>>>

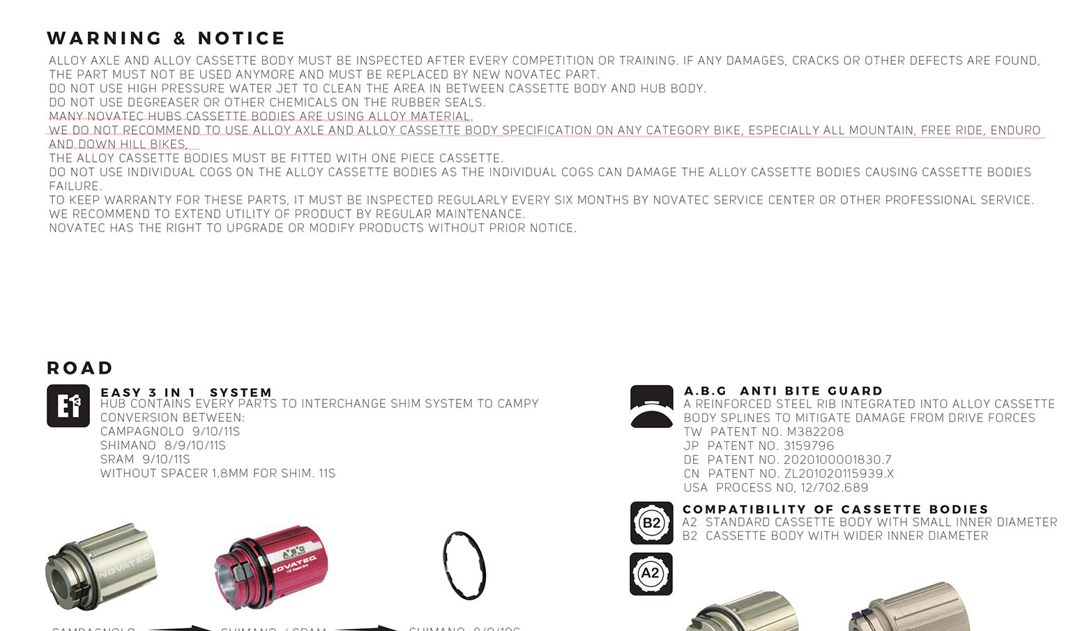 Тази снимка с предупрежденията на Novatec ми се стори изключително забавна! :) Интересно каква е предполагаемата употреба на алуминиевите им главини с алуминиева ос - може би за инвалидни колички със скорости? :) Или за капака на тоалетната чиния? :D
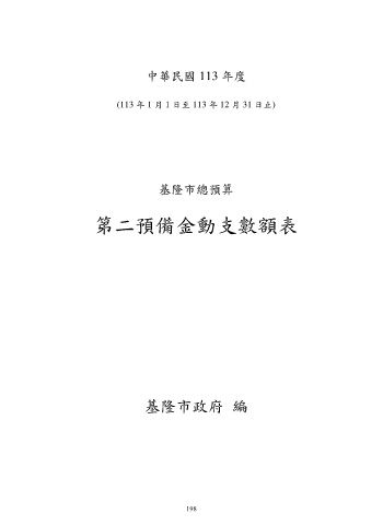 中華民國 113 年度 (113 年 1 月 1 日至 113 年 12 月 31 日止) 基隆市總預算 第二預備金動支數額表 基隆市政府 編 198
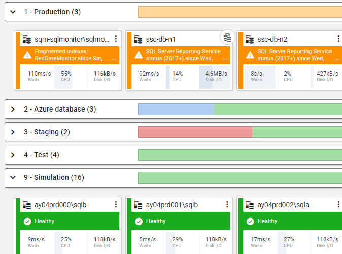 One of the additions that was added across the last few months is tagging. Traditionally the monitored instances and databases are organized in categories, which is OK, but very limited. Below you can see at monitor.red-gate.com that we have instances in various categories: production, azure database, staging, test, and simulation.
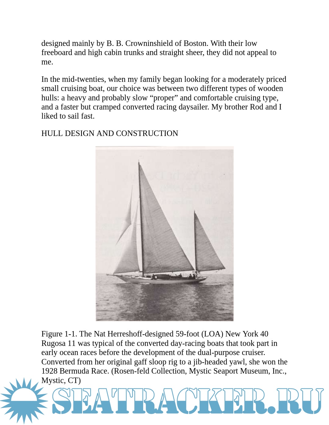 Description: Surveys trends in yacht design, discusses safety, modern construction techniques, spars, rigging, sails, and auxiliary equipment, and describes five good boats.
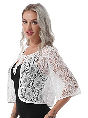 Freebily Coprispalle Donna Cerimonia Elegante Pizzo Floreale Bolero a Manica 3/4 Cardigan Corte Leggero Aperto Davanti Shrug per Matrimonio Nuziale Sposa Battesimo Festa Bianco XL
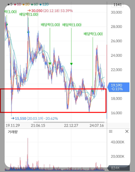그런데 이제 결실을 맺는 구간에 돌입했습니다. 24년 분석에서도 충분히 매수할 수 있는 밸류 구간이고 타깃은 26,000원을 제시해드렸습니다. 지난 분석글에서 첨부드렸었던 한국전력 차트를 보시면 우리 매집 구간이 16,000원 ~ 18,000원이었기에 우리 수익률은 약 48~60% 정도로 추정됩니다.
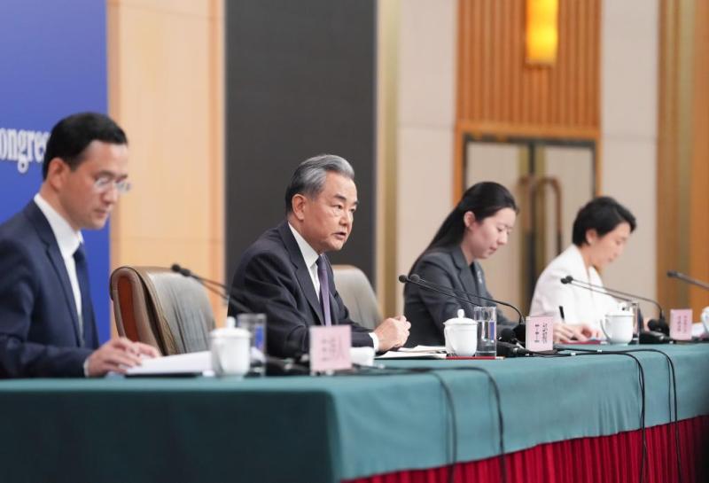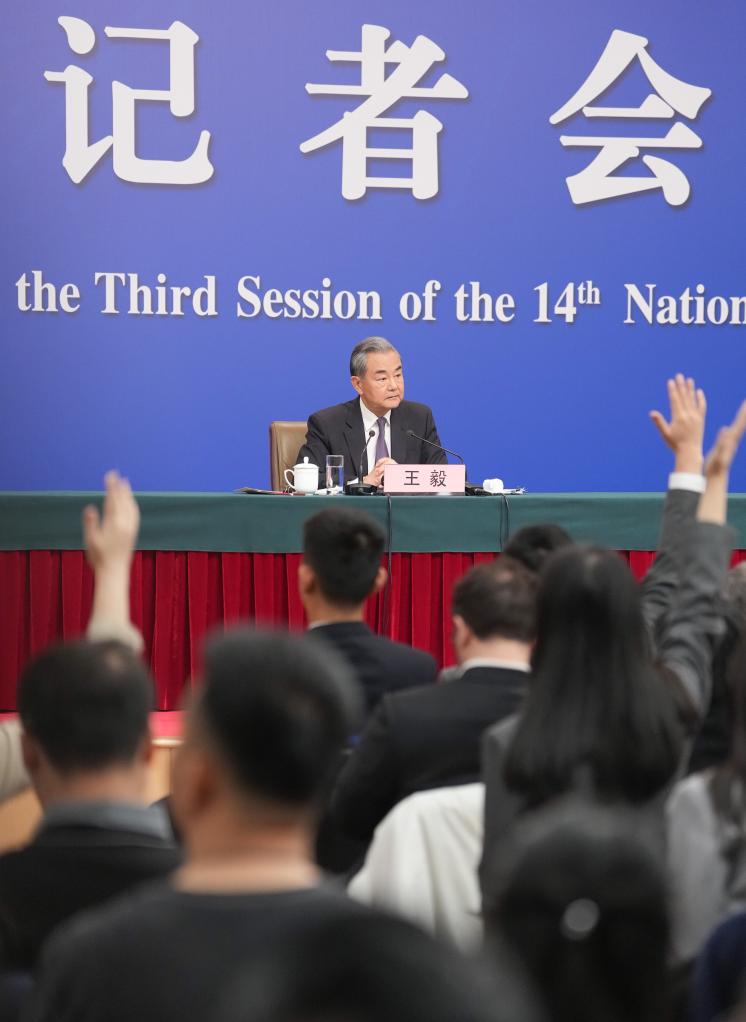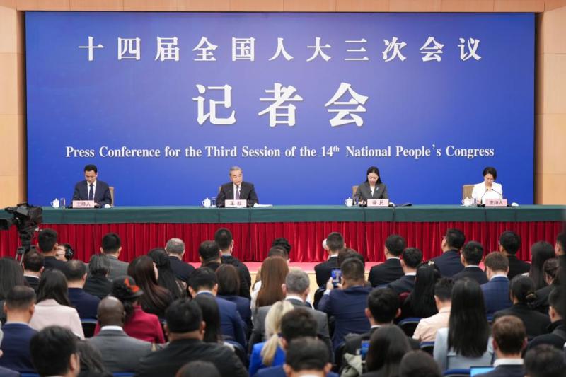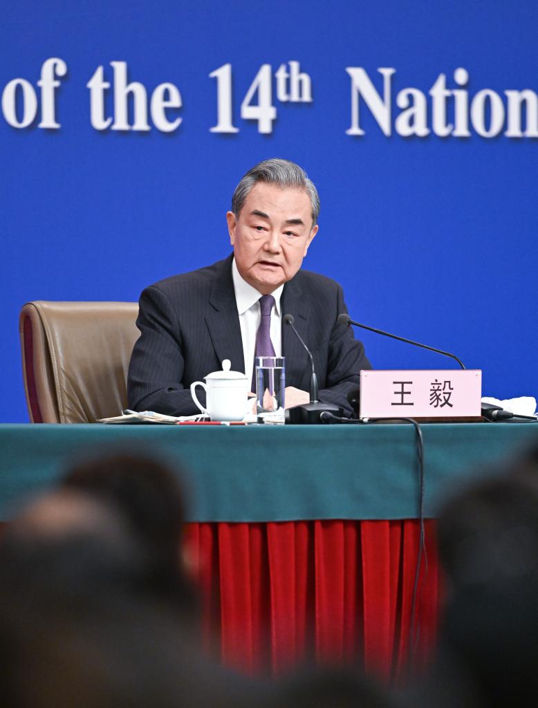 3月7日,十四届全国人大三次会议在北京梅地亚中心新闻发布厅举行记者会。中共中央政治局委员、外交部长王毅就中国外交政策和对外关系回答中外记者提问。新华社记者 陈晔华 摄
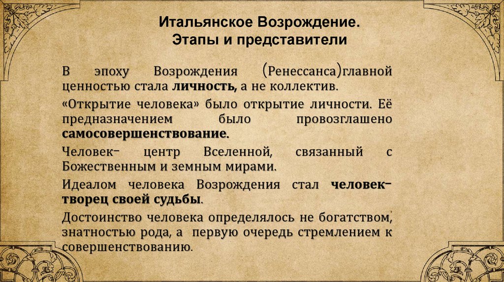 Идеалом человека Возрождения стал человектворец своей судьбы.
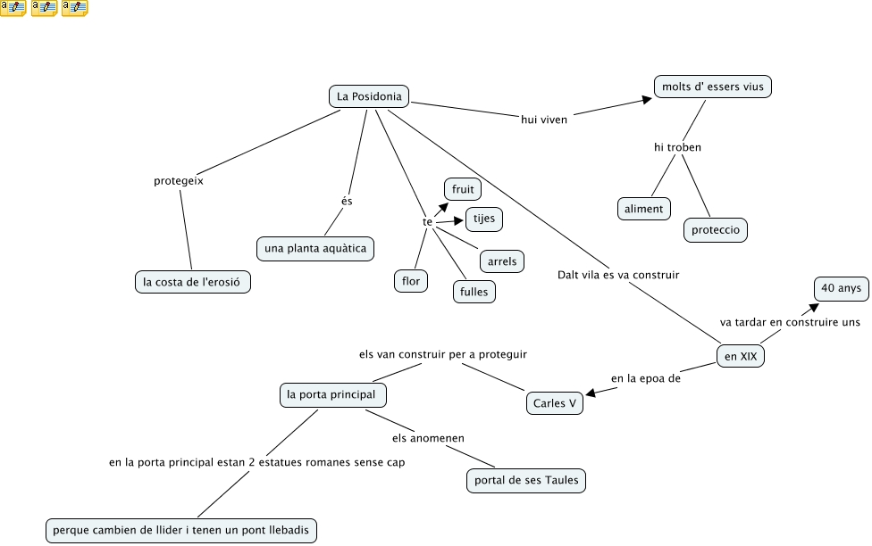 Aquest mapa conceptual conté informació relacionada amb: posidonia, La Posidonia te tijes, La Posidonia protegeix la costa de l'erosió, la porta principal els anomenen portal de ses Taules, La Posidonia te arrels, La Posidonia hui viven molts d' essers vius, Carles V els van construir per a proteguir la porta principal, la porta principal en la porta principal estan 2 estatues romanes sense cap perque cambien de llider i tenen un pont llebadis, en XIX en la epoa de Carles V, La Posidonia te fulles, en XIX va tardar en construire uns 40 anys, molts d' essers vius hi troben proteccio, La Posidonia Dalt vila es va construir en XIX, molts d' essers vius hi troben aliment, La Posidonia te fruit, La Posidonia te flor, La Posidonia és una planta aquàtica

<<<

> WORK ITEM
Give back every record exactly. Omit the pictures.

> REPLY
 Тази снимка с предупрежденията на Novatec ми се стори изключително забавна! :) Интересно каква е предполагаемата употреба на алуминиевите им главини с алуминиева ос - може би за инвалидни колички със скорости? :) Или за капака на тоалетната чиния? :D
 中華民國 113 年度 (113 年 1 月 1 日至 113 年 12 月 31 日止) 基隆市總預算 第二預備金動支數額表 基隆市政府 編 198
 One of the additions that was added across the last few months is tagging. Traditionally the monitored instances and databases are organized in categories, which is OK, but very limited. Below you can see at monitor.red-gate.com that we have instances in various categories: production, azure database, staging, test, and simulation.
 Description: Surveys trends in yacht design, discusses safety, modern construction techniques, spars, rigging, sails, and auxiliary equipment, and describes five good boats.
 Freebily Coprispalle Donna Cerimonia Elegante Pizzo Floreale Bolero a Manica 3/4 Cardigan Corte Leggero Aperto Davanti Shrug per Matrimonio Nuziale Sposa Battesimo Festa Bianco XL
그런데 이제 결실을 맺는 구간에 돌입했습니다. 24년 분석에서도 충분히 매수할 수 있는 밸류 구간이고 타깃은 26,000원을 제시해드렸습니다. 지난 분석글에서 첨부드렸었던 한국전력 차트를 보시면 우리 매집 구간이 16,000원 ~ 18,000원이었기에 우리 수익률은 약 48~60% 정도로 추정됩니다.
 3月7日,十四届全国人大三次会议在北京梅地亚中心新闻发布厅举行记者会。中共中央政治局委员、外交部长王毅就中国外交政策和对外关系回答中外记者提问。新华社记者 陈晔华 摄
 Идеалом человека Возрождения стал человектворец своей судьбы.
 Aquest mapa conceptual conté informació relacionada amb: posidonia, La Posidonia te tijes, La Posidonia protegeix la costa de l'erosió, la porta principal els anomenen portal de ses Taules, La Posidonia te arrels, La Posidonia hui viven molts d' essers vius, Carles V els van construir per a proteguir la porta principal, la porta principal en la porta principal estan 2 estatues romanes sense cap perque cambien de llider i tenen un pont llebadis, en XIX en la epoa de Carles V, La Posidonia te fulles, en XIX va tardar en construire uns 40 anys, molts d' essers vius hi troben proteccio, La Posidonia Dalt vila es va construir en XIX, molts d' essers vius hi troben aliment, La Posidonia te fruit, La Posidonia te flor, La Posidonia és una planta aquàtica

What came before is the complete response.